Autoroute startup performance bottleneck #6238

Open Piedone opened 4 years ago

Piedone commented 4 years ago

The Startup class of Autoroute fetches all the indices in a single query on shell start:

var autoroutes = session.QueryIndex<AutoroutePartIndex>(o => o.Published).ListAsync().GetAwaiter().GetResult();
entries.AddEntries(autoroutes.Select(e => new AutorouteEntry(e.ContentItemId, e.Path, e.ContainedContentItemId, e.JsonPath)));

While this is no problem for small sites it'll become an issue with hundreds (and especially tens of thousands and more) content items using AutoroutePart. Then all those items' index records will be retrieved in one go. This can be even reached with a blog where you post periodically and especially with something like a news site (or just a large site with many content pages).

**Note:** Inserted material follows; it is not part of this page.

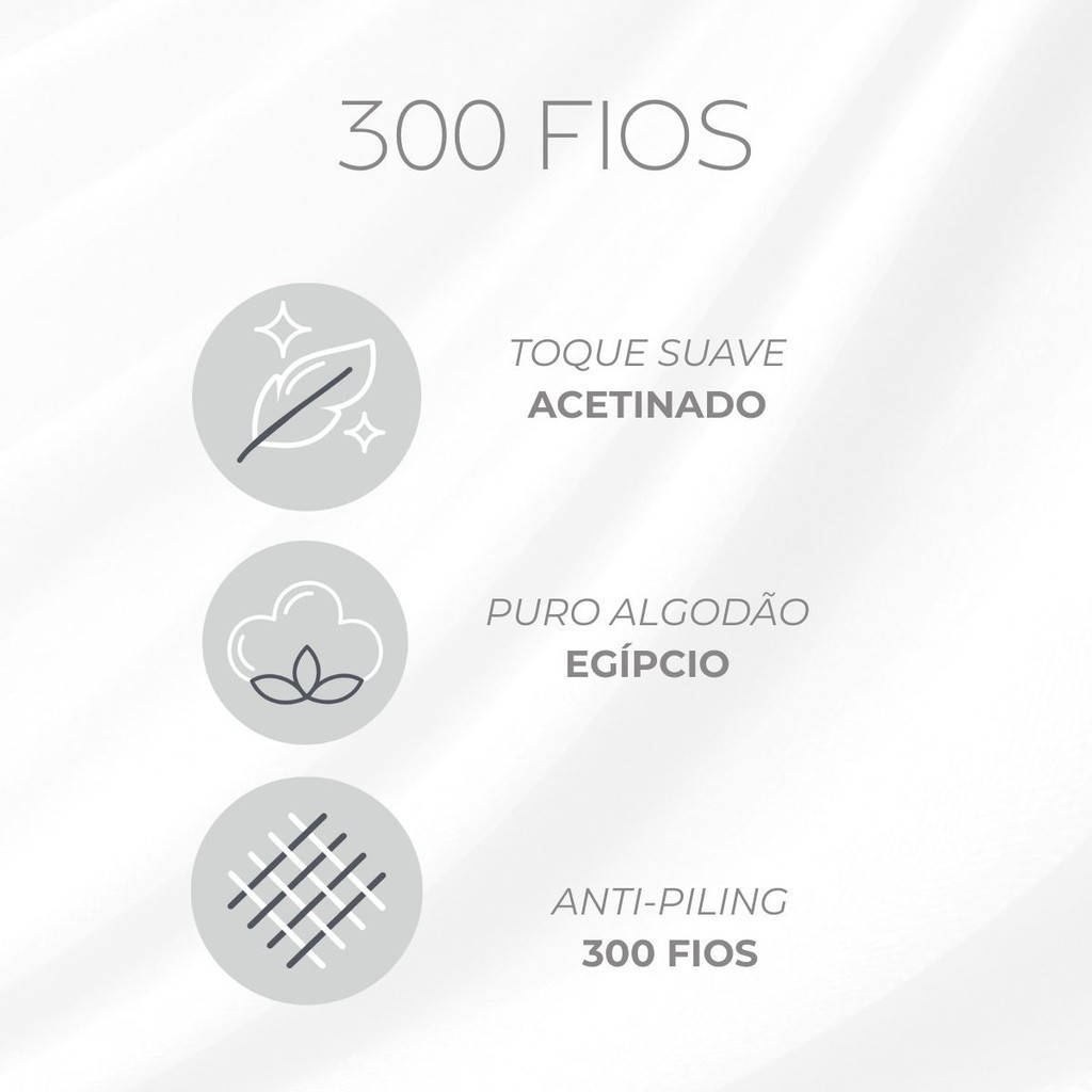 O Jogo de Cama 300 Fios Satinée da Kacyumara é ideal para quem busca uma cama posta elegante, confortável e com acabamento impecável, elevando a experiência do quarto com sofisticação e bem-estar. Confeccionado em 100% algodão egípcio 300 fios, oferece toque suave acetinado, maciez superior e excelente respirabilidade. Seu tecido conta com tratamento antipilling, garantindo maior durabilidade e mantendo o visual bonito por muito mais tempo, sem formação de bolinhas. O lençol com elástico proporciona ajuste perfeito ao colchão, com caimento firme e alinhado, contribuindo para uma cama sempre organizada e com visual de hotelaria em casa. Um conjunto pensado para quem valoriza conforto, estética e qualidade no enxoval. Diferenciais do produto Tecido 300 fios com toque suave acetinado 100% algodão egípcio Tratamento antipilling para maior durabilidade Caimento elegante e ajuste perfeito ao colchão Ideal para cama posta sofisticada Conforto superior para uso diário Qualidade e tradição Kacyumara Conteúdo da embalagem (conforme tamanho escolhido) Solteiro 1 Lençol com elástico 1 Lençol com vira 1 Fronha 50 x 70 cm Casal / Queen / King 1 Lençol com elástico 1 Lençol com vira 2 Fronhas 50 x 70 cm Medidas Lençol com elástico Solteiro: 0,98 x 2,03 x 0,40 m Casal: 1,40 x 1,90 x 0,40 m Queen: 1,60 x 2,00 x 0,45 m King: 1,93 x 2,03 x 0,45 m Lençol com vira Solteiro: 1,80 x 2,60 m Casal: 2,20 x 2,60 m Queen: 2,40 x 2,60 m King: 2,80 x 2,60 m Fronhas 50 x 70 cm Solteiro: 1 unidade Casal, Queen e King: 2 unidades Composição 100% Algodão Egípcio 300 Fios Cuidados Lavar à máquina em modo suave, sem excesso de peso Não misturar cores, principalmente escuras Não deixar de molho Não usar cloro Não secar em tambor Secar à sombra Não passar Utilizar sabão neutro e seguir as instruções da etiqueta Informações importantes As cores do produto podem apresentar variações sutis de acordo com o lote de fabricação e/ou configurações de tela.

This won't scale.

What we can do instead e.g. is to make AutorouteAliasProvider look up aliases lazily but caching results (even in a ConcurrentDictionary but more so in proper, even distributed cache like @jtkech is working on). This way while each lookup would incur a performance penalty of an SQL query first it would support an unlimited number of content items (available memory for caching permitting but the cache can manage that), have no impact on startup performance (or even eventually cause DB timeouts) and still provide the same performance for repeated lookups (which should cover all the popular content items).

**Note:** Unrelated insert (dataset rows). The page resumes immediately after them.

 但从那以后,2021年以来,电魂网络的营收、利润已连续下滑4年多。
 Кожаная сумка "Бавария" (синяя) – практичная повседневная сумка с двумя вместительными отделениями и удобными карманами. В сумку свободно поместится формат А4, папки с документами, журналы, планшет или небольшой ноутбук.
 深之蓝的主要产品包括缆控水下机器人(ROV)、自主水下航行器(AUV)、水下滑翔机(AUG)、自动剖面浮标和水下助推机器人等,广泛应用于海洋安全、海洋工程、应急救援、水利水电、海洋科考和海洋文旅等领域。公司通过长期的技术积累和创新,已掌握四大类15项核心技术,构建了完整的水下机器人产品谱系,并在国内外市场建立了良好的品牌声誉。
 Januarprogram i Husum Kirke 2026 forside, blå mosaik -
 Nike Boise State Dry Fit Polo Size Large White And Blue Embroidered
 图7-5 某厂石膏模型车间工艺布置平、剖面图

On a related note I think the current implementation will break in a multi-server setup too, if multiple nodes are creating content items.

Also, AutorouteEntries is not thread-safe: It uses a non-concurrent Dictionary for caching, and while it synchronizes writes to it, it doesn't do the same for reads (concurrent reads are only fine while the dictionary is not modified at the same time).

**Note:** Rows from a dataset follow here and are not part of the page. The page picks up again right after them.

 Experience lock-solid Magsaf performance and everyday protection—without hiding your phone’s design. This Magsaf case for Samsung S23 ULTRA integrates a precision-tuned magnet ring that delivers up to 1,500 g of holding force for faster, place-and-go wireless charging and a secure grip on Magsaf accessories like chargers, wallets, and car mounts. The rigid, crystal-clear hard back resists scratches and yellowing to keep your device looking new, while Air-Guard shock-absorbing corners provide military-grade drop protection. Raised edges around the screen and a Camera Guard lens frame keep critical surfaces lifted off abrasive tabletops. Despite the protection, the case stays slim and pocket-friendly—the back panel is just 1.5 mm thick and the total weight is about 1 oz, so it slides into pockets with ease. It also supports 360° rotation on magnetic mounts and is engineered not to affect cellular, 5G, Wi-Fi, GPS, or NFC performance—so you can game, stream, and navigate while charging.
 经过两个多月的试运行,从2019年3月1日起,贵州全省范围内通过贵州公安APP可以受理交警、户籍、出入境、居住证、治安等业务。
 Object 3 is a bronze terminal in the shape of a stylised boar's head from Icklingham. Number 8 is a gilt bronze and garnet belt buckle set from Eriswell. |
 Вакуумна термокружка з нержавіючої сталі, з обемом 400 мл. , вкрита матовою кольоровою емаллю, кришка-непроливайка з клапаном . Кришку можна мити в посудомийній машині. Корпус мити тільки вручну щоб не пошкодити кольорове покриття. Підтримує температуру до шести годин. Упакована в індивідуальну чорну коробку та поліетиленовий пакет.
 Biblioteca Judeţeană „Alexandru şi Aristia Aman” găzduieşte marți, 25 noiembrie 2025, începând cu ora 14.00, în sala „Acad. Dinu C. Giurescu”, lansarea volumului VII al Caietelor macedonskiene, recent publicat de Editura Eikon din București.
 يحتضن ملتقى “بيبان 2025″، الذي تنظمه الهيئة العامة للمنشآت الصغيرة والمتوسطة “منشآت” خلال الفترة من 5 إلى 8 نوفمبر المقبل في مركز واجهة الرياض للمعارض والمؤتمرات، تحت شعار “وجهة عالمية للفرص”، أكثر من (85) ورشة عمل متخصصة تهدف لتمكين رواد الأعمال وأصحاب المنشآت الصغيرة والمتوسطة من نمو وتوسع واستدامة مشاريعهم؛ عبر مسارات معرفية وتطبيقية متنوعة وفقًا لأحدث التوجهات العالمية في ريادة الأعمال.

sebastienros commented 4 years ago

Might be a config option to preload instead of doing it by default. We'd also need to lock on the resolution for a specific url (gating) to prevent bursts of SQL queries on startup, for the homepage for instance. It might also be an MRU collection in the case of lazy loading so we don't store routes that are rarely used.

Would you mind creating a site with thousands or autoroutes and measure startup? I assume the simplest way is with a SQL query, all autoroutes pointing to the same action.

jtkech commented 4 years ago

Also, AutorouteEntries is not thread-safe

I agree, it is like this from the beginning, refactored in my distributedCache branch where we don't resolve autoroutes on startup but on the first need (e.g. not the home), but still in one go when we first create the related cache, a volatile (only cached) distributed document.

Hmm, if we populate the document lazily, if there is no entry matching a given request path, how could we know that the entry doesn't exist or is not yet populated, without always doing a query?

We'd also need to lock on the resolution for a specific url (gating) to prevent bursts of SQL queries

How can we do this if on another side we don't want to use custom locking sytems? E.g. as in my old distributed branch where there is an ILock service providing tenant level named locks, and with a distributed implementation based on Redis.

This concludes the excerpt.